Apache Pinot Docs
latest
Search…
⌃K

Lookup UDF Join

Lookup UDF is used to get dimension data via primary key from a dimension table allowing a decoration join functionality. Lookup UDF can only be used with a dimension table in Pinot.

Syntax

The UDF function syntax is listed as below:
lookupUDFSpec:
LOOKUP
'('
'''dimTable'''
'''dimColToLookup'''
[ '''dimJoinKey''', factJoinKey ]*
')'
  • dimTable Name of the dim table to perform the lookup on.
  • dimColToLookUp The column name of the dim table to be retrieved to decorate our result.
  • dimJoinKey The column name on which we want to perform the lookup i.e. the join column name for dim table.
  • factJoinKey The column name on which we want to perform the lookup against e.g. the join column name for fact table
Noted that:
  1. 1.
    all the dim-table-related expressions are expressed as literal strings, this is the LOOKUP UDF syntax limitation: we cannot express column identifier which doesn't exist in the query's main table, which is the factTable table.
  2. 2.
    the syntax definition of [ '''dimJoinKey''', factJoinKey ]* indicates that if there are multiple dim partition columns, there should be multiple join key pair expressed.

Examples

Here are some of the examples

Single-partition-key-column Example

Consider the table baseballStats
Column
Type
playerID
STRING
yearID
INT
teamID
STRING
league
STRING
playerName
STRING
playerStint
INT
numberOfGames
INT
numberOfGamesAsBatter
INT
AtBatting
INT
runs
INT
and dim table dimBaseballTeams
Column
Type
teamID
STRING
teamName
STRING
teamAddress
STRING
several acceptable queries are:

Dim-Fact LOOKUP example

SELECT
playerName,
teamID,
LOOKUP('dimBaseballTeams', 'teamName', 'teamID', teamID) AS teamName,
LOOKUP('dimBaseballTeams', 'teamAddress', 'teamID', teamID) AS teamAddress
FROM baseballStats
playerName
teamID
teamName
teamAddress
David Allan
BOS
Boston Red Caps/Beaneaters (from 1876–1900) or Boston Red Sox (since 1953)
4 Jersey Street, Boston, MA
David Allan
CHA
null
null
David Allan
SEA
Seattle Mariners (since 1977) or Seattle Pilots (1969)
1250 First Avenue South, Seattle, WA
David Allan
SEA
Seattle Mariners (since 1977) or Seattle Pilots (1969)
1250 First Avenue South, Seattle, WA

Self LOOKUP example

SELECT
teamID,
teamName AS nameFromLocal,
LOOKUP('dimBaseballTeams', 'teamName', 'teamID', teamID) AS nameFromLookup
FROM dimBaseballTeams
teamID
nameFromLocal
nameFromLookup
ANA
Anaheim Angels
Anaheim Angels
ARI
Arizona Diamondbacks
Arizona Diamondbacks
ATL
Atlanta Braves
Atlanta Braves
BAL
Baltimore Orioles (original- 1901–1902 current- since 1954)
Baltimore Orioles (original- 1901–1902 current- since 1954)

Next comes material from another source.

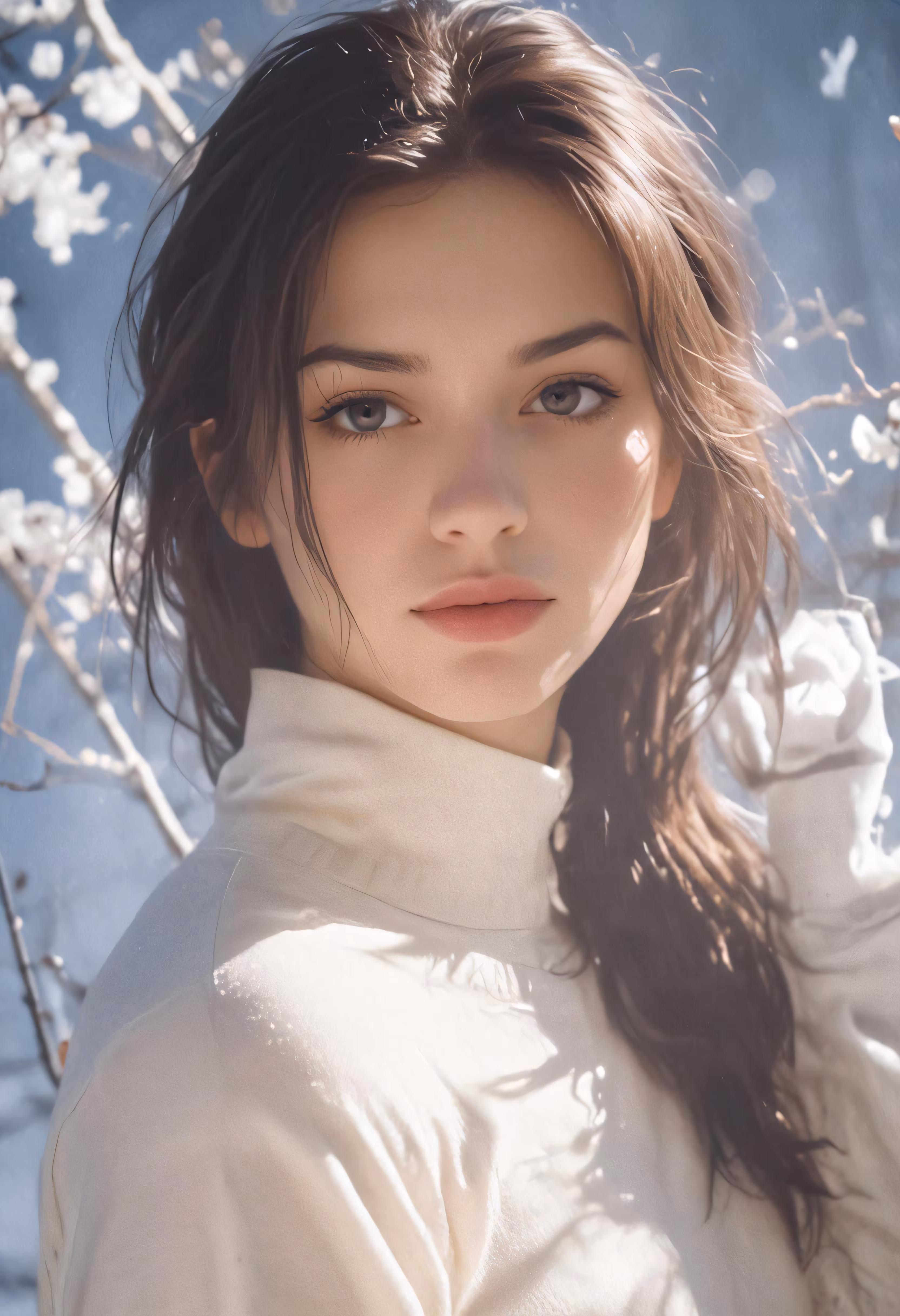 High resolution picture, free to use, a young woman standing in front of a tree

Complex-partition-key-columns Example

Consider a single dimension table with schema:
BILLING SCHEMA
Column
Type
customerId
INT
creditHistory
STRING
firstName
STRING
lastName
STRING
isCarOwner
BOOLEAN
city
STRING
maritalStatus
STRING
buildingType
STRING
missedPayment
STRING
billingMonth
STRING

Self LOOKUP example

select
customerId,
missedPayment,
LOOKUP('billing', 'city', 'customerId', customerId, 'creditHistory', creditHistory) AS lookedupCity
from billing
customerId
missedPayment
lookedupCity
341
Paid
Palo Alto
374
Paid
Mountain View
398
Paid
Palo Alto
427
Paid
Cupertino
435
Paid
Cupertino

Usage FAQ

  • The data return type of the UDF will be that of the dimColToLookUp column type.
  • when multiple primary key columns are used for the dimension table (e.g. composite primary key), please ensure that the order of keys appearing in the lookup() UDF is the same as the order defined in the primaryKeyColumns from the dimension table schema.